* **Data extracts**
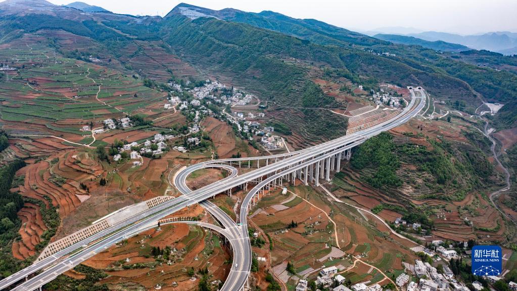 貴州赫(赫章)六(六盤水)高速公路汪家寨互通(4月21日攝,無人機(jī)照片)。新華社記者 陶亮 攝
==
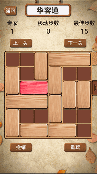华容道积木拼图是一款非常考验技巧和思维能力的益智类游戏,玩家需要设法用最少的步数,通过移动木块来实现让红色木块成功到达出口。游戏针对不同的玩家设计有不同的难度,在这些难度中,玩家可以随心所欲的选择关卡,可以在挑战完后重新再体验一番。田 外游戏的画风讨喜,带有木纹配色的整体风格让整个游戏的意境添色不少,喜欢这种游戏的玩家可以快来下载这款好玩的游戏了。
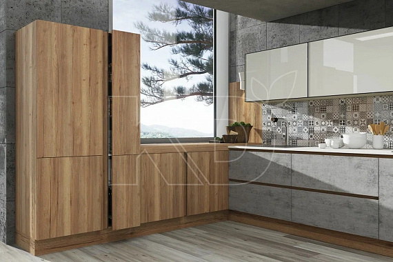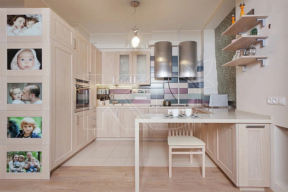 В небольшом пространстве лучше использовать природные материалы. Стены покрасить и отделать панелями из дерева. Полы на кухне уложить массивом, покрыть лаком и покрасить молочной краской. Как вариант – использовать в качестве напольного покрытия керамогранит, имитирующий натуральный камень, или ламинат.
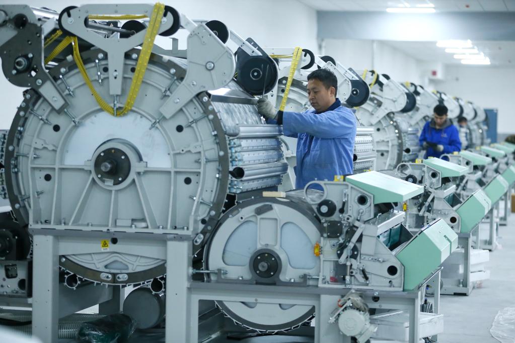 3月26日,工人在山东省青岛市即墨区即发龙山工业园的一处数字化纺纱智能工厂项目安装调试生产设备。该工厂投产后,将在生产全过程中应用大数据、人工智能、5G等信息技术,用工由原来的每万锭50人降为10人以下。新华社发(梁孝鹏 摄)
* * *
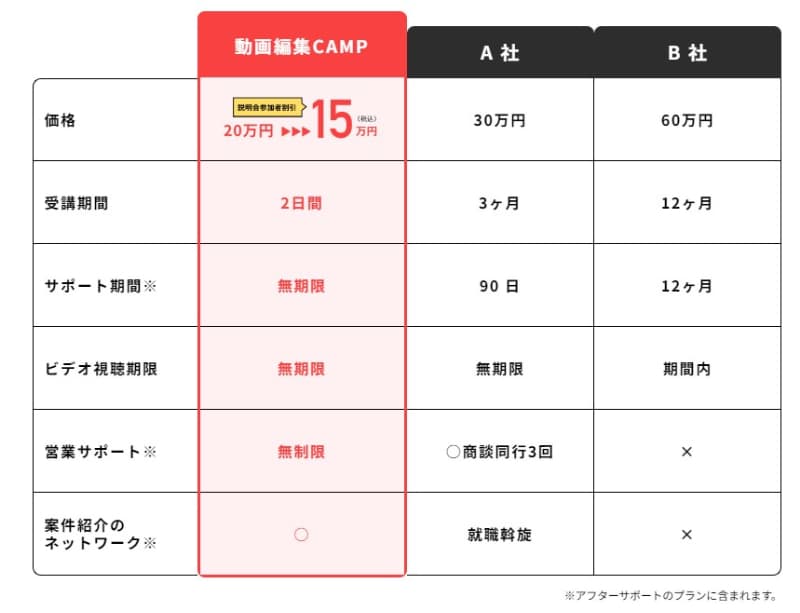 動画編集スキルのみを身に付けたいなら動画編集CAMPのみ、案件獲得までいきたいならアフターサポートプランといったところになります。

* **How to complete this task**
What do the entries above read from the line containing "华容道积木拼图是一款非常考验" through the line containing "3月26日,工人在山东省青岛"? Output those lines exactly, both ends included, with the pictures left out.

* **Solved problem**
华容道积木拼图是一款非常考验技巧和思维能力的益智类游戏,玩家需要设法用最少的步数,通过移动木块来实现让红色木块成功到达出口。游戏针对不同的玩家设计有不同的难度,在这些难度中,玩家可以随心所欲的选择关卡,可以在挑战完后重新再体验一番。田 外游戏的画风讨喜,带有木纹配色的整体风格让整个游戏的意境添色不少,喜欢这种游戏的玩家可以快来下载这款好玩的游戏了。
 В небольшом пространстве лучше использовать природные материалы. Стены покрасить и отделать панелями из дерева. Полы на кухне уложить массивом, покрыть лаком и покрасить молочной краской. Как вариант – использовать в качестве напольного покрытия керамогранит, имитирующий натуральный камень, или ламинат.
 3月26日,工人在山东省青岛市即墨区即发龙山工业园的一处数字化纺纱智能工厂项目安装调试生产设备。该工厂投产后,将在生产全过程中应用大数据、人工智能、5G等信息技术,用工由原来的每万锭50人降为10人以下。新华社发(梁孝鹏 摄)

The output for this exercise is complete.